2. Expand upon your response to Question number 9e (referring to the text of your supplement dated August 15, 2011). Discuss the scope of the focused peer review against the ASME/ANS Standard RA-Sa-2009 Supporting Requirements (SRs) for the new PRA methods. For example, did the review scope focus on only open gap items or did it address SRs for the entire element associated with the new PRA method?

Response

The purpose of the DAEC Focused Peer Review conducted in March 2011 was to review the technical elements of the internal events, at-power PRA with a focus on DAECs disposition of findings and suggestions as a result of a Full Scope Peer Review conducted in 2007. The review was conducted in accordance with NEI 05-04, Revision 2 Process for Performing Follow-on PRA Peer Reviews Using the ASME PRA Standard, as endorsed and clarified by the NRC in Regulatory Guide 1.200, Revision 2.

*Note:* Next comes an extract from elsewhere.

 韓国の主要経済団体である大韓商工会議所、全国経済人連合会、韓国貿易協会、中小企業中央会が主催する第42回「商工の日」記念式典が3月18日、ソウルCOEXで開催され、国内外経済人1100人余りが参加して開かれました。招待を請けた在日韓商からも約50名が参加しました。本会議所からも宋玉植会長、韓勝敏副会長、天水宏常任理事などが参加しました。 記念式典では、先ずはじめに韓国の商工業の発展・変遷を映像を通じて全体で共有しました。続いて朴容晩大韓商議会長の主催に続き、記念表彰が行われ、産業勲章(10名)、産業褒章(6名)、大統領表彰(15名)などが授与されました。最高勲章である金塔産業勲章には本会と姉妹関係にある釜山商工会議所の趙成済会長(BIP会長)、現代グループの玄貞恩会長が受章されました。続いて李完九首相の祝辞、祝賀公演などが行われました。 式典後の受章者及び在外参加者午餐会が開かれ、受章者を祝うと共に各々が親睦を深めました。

The peer review team determined that a review of all supporting requirements for the Human Reliability Analysis technical element was needed since it involved a broad based change in methodology for calculating human error probabilities. Other upgrades received enhanced attention by the review team, but did not require re-review of all

Attachment to NG-11-0407 Page 3 of 3 supporting requirements within the respective technical element category. These included use of the Alpha Factor Method for calculating common cause factors, use of convolution methods for calculating AC power recovery terms, incorporation of revised LOCA frequency data to differentiate between steam line breaks and water line breaks, and incorporation of new internal flood frequency data. The set of supporting requirements that needed to be reviewed for each technical element was determined by the peer review team consistent with ASME/ANS Standard RA-Sa-2009.

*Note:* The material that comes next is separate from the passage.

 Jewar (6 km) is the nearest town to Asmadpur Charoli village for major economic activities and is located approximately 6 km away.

Qualifications of peer review team members were consistent with Section 1-6.2 of the ASME standard. The team consisted of personnel with knowledge of plant and containment design, and of plant operation. Individually, each team member was familiar with the requirements of the standard for his or her area of review and experienced in performing activities related to the technical elements for which he or she was assigned. Collectively, they had the capability to assess all of the PRA technical elements. None of the team members performed nor directly supervised any work on the Duane Arnold PRA. One team member serves on the Joint Committee on Nuclear Risk Management main committee, which approves changes to the Standard. Each of the team members participated in at least two previous peer reviews and each has nearly twenty or more years of experience in the development and maintenance of nuclear plant PRAs.

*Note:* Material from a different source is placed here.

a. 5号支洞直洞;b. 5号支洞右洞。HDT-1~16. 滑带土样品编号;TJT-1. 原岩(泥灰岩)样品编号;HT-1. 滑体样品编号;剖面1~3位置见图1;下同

In summary, the 2011 Focused Peer Review entailed a comprehensive review of all PRA upgrades, updates and previous F&Os and is considered to be the Internal Events PRA Peer Review of record.

3. For the Duane Arnold TSTF-425 acceptance review, the NRC Staff also seeks a clarification of an apparent typo observed in your (DAEC) answer within your August 15, 2011 supplement. Question No. 2 was related to Supporting Requirement SC-A6. However, your response cited only reference to IE-A4a.

Please confirm that a typo occurred and provide replacement text as part of your response to this RAI.

Response

Yes, it is a typographical error. The citation should have been to Supporting Requirement SC-A6, not IE-A4a. All the other information in that response was correct. The corrected response reads:

Supporting Requirement SC-A6 was assessed as Not Met in the December 2007 PRA Peer Review, but was re-assessed as Met: Capability Category I/II/III in the subsequent Focused PRA Peer Review of March 2011. Although our discussion in Table 2-1 regarding disposition of the 2007 gap focuses on use of MAAP for evaluating success criteria, other analytical tools were also employed for the Rev 6 PRA update.